We have seen how Liberal principles and a Liberal policy have availed to give us the perfectly voluntary and also most important help bestowed by the Colonies. But it is not only here that the working of these principles and this policy are to be seen at the present moment. They are involved in, and are of the very essence of, the struggle with the Boers. President Kruger has resolutely set his face against applying to the problem presented by the grievances of the Outlanders the Liberal principles upon which the Empire is founded, while we slowly, tentatively, and at first somewhat half-heartedly have insisted on the recognition of these principles. The result has been a struggle which, expressed in its simplest terms, is a struggle whether the whole of the white people in the Transvaal, and not merely a section of them, and that the smallest section, shall be self-governing. If President Kruger had adopted the Liberal policy, who can doubt that he would at this moment be ruling over a people rich and contented and perfectly willing to accept a very large measure of Boer authority in the Government in exchange for the recognition of the rights of the non-Boer population ? There might have been a Dutch executive in Pretoria as there is a Dutch executive at the Cape, but the British would have resented the one no more than under ordinary conditions they do the other, for they would regard both as the fair and reasonable result of political equality. In a word, if President Kruger and the Boers would only have applied to their polity the principles which we have applied to ours in the Empire as well as at home, South Africa would not now be in- volved in the horrors of war, but every day the self- governing and so reconciled Outlander would be growing more reasonable and more loyal to the State which had shown a liberal policy towards him, and allowed him to share in the work of government.

Before we leave the subject of the Colonies we desire to touch on a point which we wish to develop further and in more detail at a later period, but which even now may be usefully spoken of. It is the erection of a monument to the men of Canada, Australia, New Zealand, and South Africa, and the other British Colonies and possessions who have fallen in the defence of the Empire. There must be placed in the heart of London, and on the best site that can be found, cost what it may, a monument, voted by Parliament, on which our greatest artists in marble and in metal shall lavish all their skill. It must be a monoment so beautiful and so conspicuous that no Colonist who visits the cradle of the race shall be able to miss seeing it, and to feel his blood stirred by what it records, while every Englishman, Scotchman, and Irishman who passes it by shall recall what the daughter lands have done for their mother in her need. Whether the designer will make a pedestal with four side figures of New Zealand, Canada, Australia, and South Africa at each angle we shall not presume even to canvass, but there ought at any rate to be an inscription in three languages, telling how, why, by whom, and for whom the monument was erected.
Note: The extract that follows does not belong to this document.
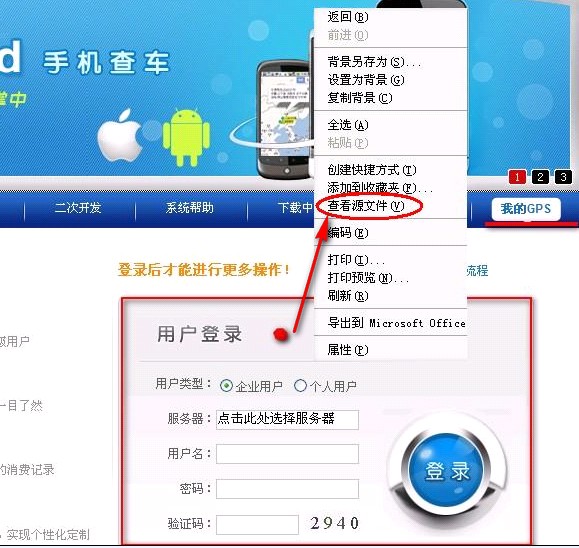2,在用户登陆框“用户登录”旁边空白处点击右键,选择“查看源文件”,如下图

And it seems to us, though this may not prove to be the better opinion, that it should be written in French, and in Dutch, as well as in English, for many of the brave Canadians at the front not only speak French but speak no English. Again, we must never forget that there are Dutch-speaking men and men of Dutch blood at this moment fighting the battle of the Empire, and they deserve to have their deeds recorded in their own tongue. In any case, the inscription should record the names of those who died to help the Empire and to defend the principles of freedom, and above those names might be written : "We could not have loved the Empire and the Motherland so well, loved we not freedom more." " Pro patria, pro imperio, pro libertate," that must be the essential note of the monument to our Colonists, which shall recall in London for all time how the Motherland feels when the daughter States gather round her.